Итак, «даже самые убедительные для разума положения» сами по себе лишены «способности возбуждать волю к положительным усилиям в известном направлении»; эту способность они «могут получить лишь из области душевных волнений (так называемой жизни сердца)» [31: 15]. В свете этого вывода этическое учение в понимании Астафьева теряет свой чисто формальный характер и превращается, пользуясь техническим языком, в материальную этику чувства (или, точнее, этику воли, побуждаемой чувством). При этом Астафьев подчеркивает: «Без обращения к помощи какого-либо чувства и не обходилась в действительности ни одна из крупных философских систем морали, какой бы строго рационалистический характер ни старался сохранить за нею ее автор». Даже Кант проявлял в этом отношении поучительную непоследовательность: создав чисто формальную систему морали, из которой исключалось «всякое действование по влечению чувства» и «единственным руководителем воли» признавался лишь бесстрастный закон долга, – даже Кант «требовал от морально настроенного человека чувства уважения к святости этого закона» [31: 17–18].

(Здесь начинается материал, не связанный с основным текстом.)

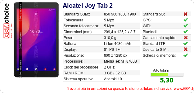 Dati del telefono cellulare Alcatel Joy Tab 2 sul tuo sito
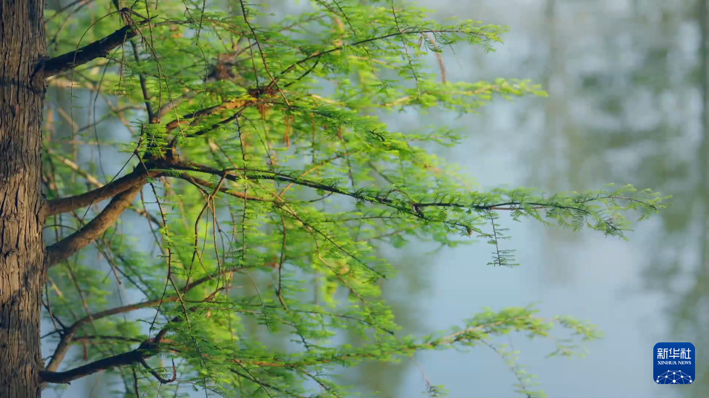 碧水如镜,倒映蓝天;鸟鸣清脆,微风轻拂,湿地草木吐露新绿。水光与春色相映成景,勾勒出一幅清新灵动的生态画卷。
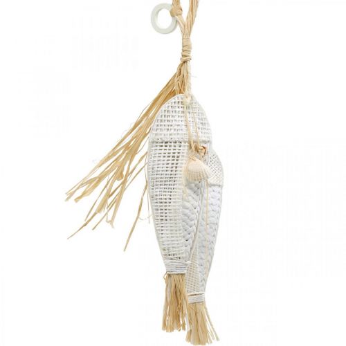 Boho Makramee Blumenampel Hängedeko Fensterdeko mit Blumenschaukel Brett 40x15cm im Natur-Weiß
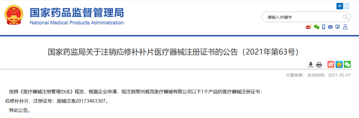 關(guān)于注銷疝修補(bǔ)補(bǔ)片醫(yī)療器械注冊證書的公告(2021年第63號)
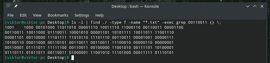 This is a pretty twisted command, right? At first, “ls” outputs the list of all files in the directory. The “find” tool takes the output, searches for “.txt” files and summons “grep” to search for “00110011”. This command will check every single text file in the directory with the TXT extension and look for the matches.
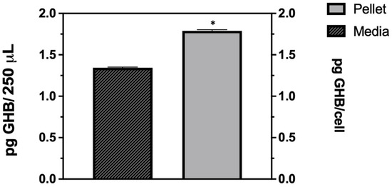 To assess the GHB release upon infection in Vero cells, GHB was measured using LC-MRM-MS, as described in Section 2.4. The results showed the release of GHB from both the media (supernatant) and cell pellet in samples infected for 24 h (Figure 2). The mean concentration of GHB in the media was 5.4 pg/mL. The mean intracellular concentration of GHB was determined to be 1.8 ± 0.02 pg/cell. Thus, 1.8 × 10−6 μg of GHB was found intracellularly compared to 3.4 × 10−7 μg in the media.

Впрочем, продолжает Астафьев, «всякая рационалистическая мораль, не признающая иных моральных чувств, кроме уважения к закону или страха, <…> есть собственно мораль не деятельности, но бездеятельности, внешней дисциплины». Не противореча логике, такая мораль противоречит природе души человеческой, природе существенно деятельной. Напротив, этой природе глубоко созвучна христианская мораль, исходящая «из чувства положительной, деятельной любви, составляющего существеннейшее содержание Христовой проповеди» [31: 18–19].

Хотя речь о христианской любви – впереди, Астафьев делает уже сейчас два немаловажных замечания. Вопервых, он de facto отказывается признавать в христианской морали элемент страха, ничего не говорит о значении «страха Божьего», но прямо открещивается от страха, как от «чувства по существу своему депримирующего, подавляющего проявления воли». Во-вторых, Астафьев безоговорочно осуждает проповедь любви, которая ограничивается «непротивлением злу»: у автора этой проповеди – филистерская душа, «враждебная всему мистическому и страстному» [31: 20]. Слово страсть прозвучало не в первый раз – и в дальнейшем станет звучать все настойчивее и позитивнее, как качество подлинного – то есть страстного – существования.

Отношение Астафьева к страху и страсти может показаться «не каноническим», и в определенной степени оно таковым и является. Мотивы подобного отношения мы лучше поймем в главе 20, где коснемся апологии «страха Божия» у К. Н. Леонтьева. Но уже сейчас можно вспомнить чудесные строки из стихотворения «Моя молитва» одного из первых «любомудров» Дмитрия Веневитинова (1805–1827), выражающие, на мой взгляд, близкое Астафьеву представление о страсти:

Между тем, Астафьев совершает следующий принципиальный шаг, переходя к вопросу о значении «того влияния, под которым всегда развивалась, да вне которого не может развиваться и вперед Психология, – влияния общих метафизических воззрений на природу субъекта душевной жизни» [31: 21]. Мы видим: переход от «чистой» психологии к психологии философской, в основании которой лежит метафизика, ознаменован у Астафьева, в первую очередь, тем, что он обращается, наконец, к понятию субъекта.

Философские взгляды на природу душевной жизни, отмечает Астафьев, принимают две основные, принципиально разные формы. Одни философы признают существование субъекта в качестве начала «самостоятельного, т. е из себя, по собственному почину развивающего все свои образования, состояния чувства, воли и познания»; другие допускают существование только «несамостоятельного, развивающегося не по собственному почину, но из вне его данных возбуждений, из мира объекта» [31: 22]. К отрицанию конкретного субъекта приходят и те, кто выдает за начало душевной жизни нечто «метафизическое и бессознательное духовного характера, пущенное в ход преимущественно новейшею Германскою философиею», добавляет Астафьев.